We agree in part with the criticism of Schlachta and colleagues that our conclusion that the simulator we used “is a valuable tool for training and evaluation of basic tasks in laparoscopic surgery” is not substantiated by the methods used. However, our article is only one of several that have been presented at national and international peer-reviewed meetings and have been published or accepted for publication in this and other peer-reviewed journals.1–3
Validity is a matter of degree and does not exist on an all-or-none basis. Finding a significant correlation between performance scores and level of training from junior to senior residents suggests a degree of construct validity. Further, in this pilot study, where residents were followed through their training, residents’ scores and the total score increased as they underwent more training in 2 out of 3 tasks. Practice effects could confound such results; however, these residents were only evaluated at 2 points in time and had no practice on the simulator in the interim. The original 7 inanimate tasks developed1 were modelled after fundamental laparoscopic techniques rather than isolated psychomotor skills, thus adding face validity. Face validity was further ensured by consensus of more than 20 well-known advanced laparoscopic surgeons that these tasks were meaningful representations of components of laparoscopic surgery.

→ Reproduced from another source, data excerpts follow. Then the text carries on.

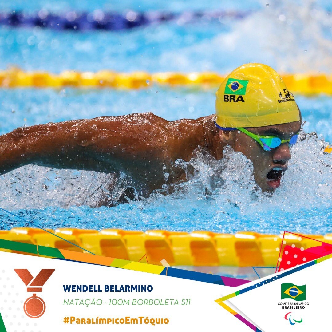 Wendell Belarmino já tinha um ouro e uma prata na Paralimpíada de Tóquio, mas ainda foi atrás de completar os três tipos de medalha e levou o bronze nos 100 metros borboleta da classe S11 (atletas cegos), em uma incrível recuperação no final, e faturou a única medalha do Brasil no último dia da natação nos Jogos.
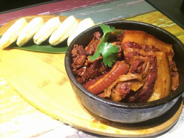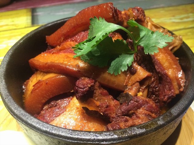 家乡香,小份38米。庆幸自己点了小份的,实在是太实在了好不好,不过这肥肉冒是无福消受啊•••用小饼夹了块瘦肉,味道果真很家常。值得一提的是不显山不露水的配菜豆皮卷,充分吸收了肉汁的味道,这货才是冒冒的爱啊~
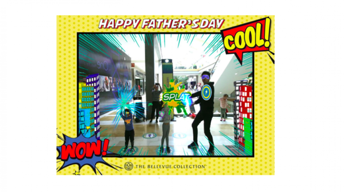 What could be more fun than becoming a Super Hero for a day while making a digital Father’s Day card with The Bellevue Collection’s Augmented Reality (AR) photo opportunity. In collaboration with Seattle based company, Pixelfire, this AR experience offers a fun Father’s Day activation. The Bellevue Collection wanted to create an ongoing space for a very unique interaction with technology and looked to the innovative local partner, Pixelfire to make it happen. Since the kick-off of this AR experience with a first-of-its-kind Snowflake Lane AR in December, thousands have made downloadable free digital cards as part of the Collection Plays low tech and high tech complimentary game area. The AR experience is a Kinect based photo opportunity that superimposes super hero costume elements on guests including masks, chest emblems and action word graphic clouds. Hand movements activate additional motion graphics giving each user a unique “super power.” After 60 seconds of fun, a picture is taken automatically and uploaded with a custom digital frame to The Bellevue Collection’s website. The photos can be downloaded for free and shared on social media by visiting Collectionplays.com.
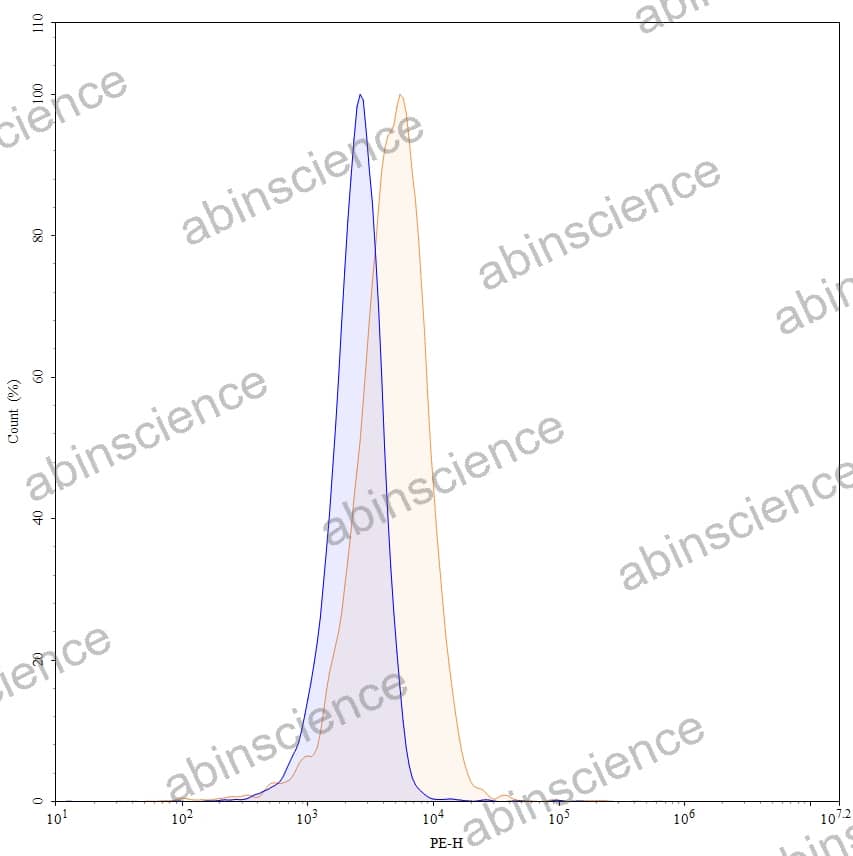Flow-cytometry using PE anti-human CD93 antibody. U937 cells were stained with an irrelevant antibody (Blue Histogram) or an PE anti-human CD93 monoclonal antibody (Catalog: HV345227, Yellow Histogram) at a concentration of 5 µg/ml for 30 mins at RT. After washing, and cells analysed on a NovoCyte Flow Cytometer. |

In another study2 we found that residents who practised in this inanimate model performed better in a live animal model and acquired skill more quickly than a peer group at the same PGY3 level of training who had not practised in the inanimate model. The scores in the animate model for the group that practised were also superior to those of the group without practice,3 and the scores in the inanimate model correlated significantly with analogous skills measured in the live animal in the operating room.2 All of these data support the validity of the inanimate system for measuring laparoscopic skills.
We agree that this model will require further validation by ultimately correlating performance in the model with level of surgical skill in the operating room. At this point there is no measure of skill in the operating room that can act as the “gold standard.” We are in the process of conducting a large multicentre study to test the reliability and validity of such a scoring system.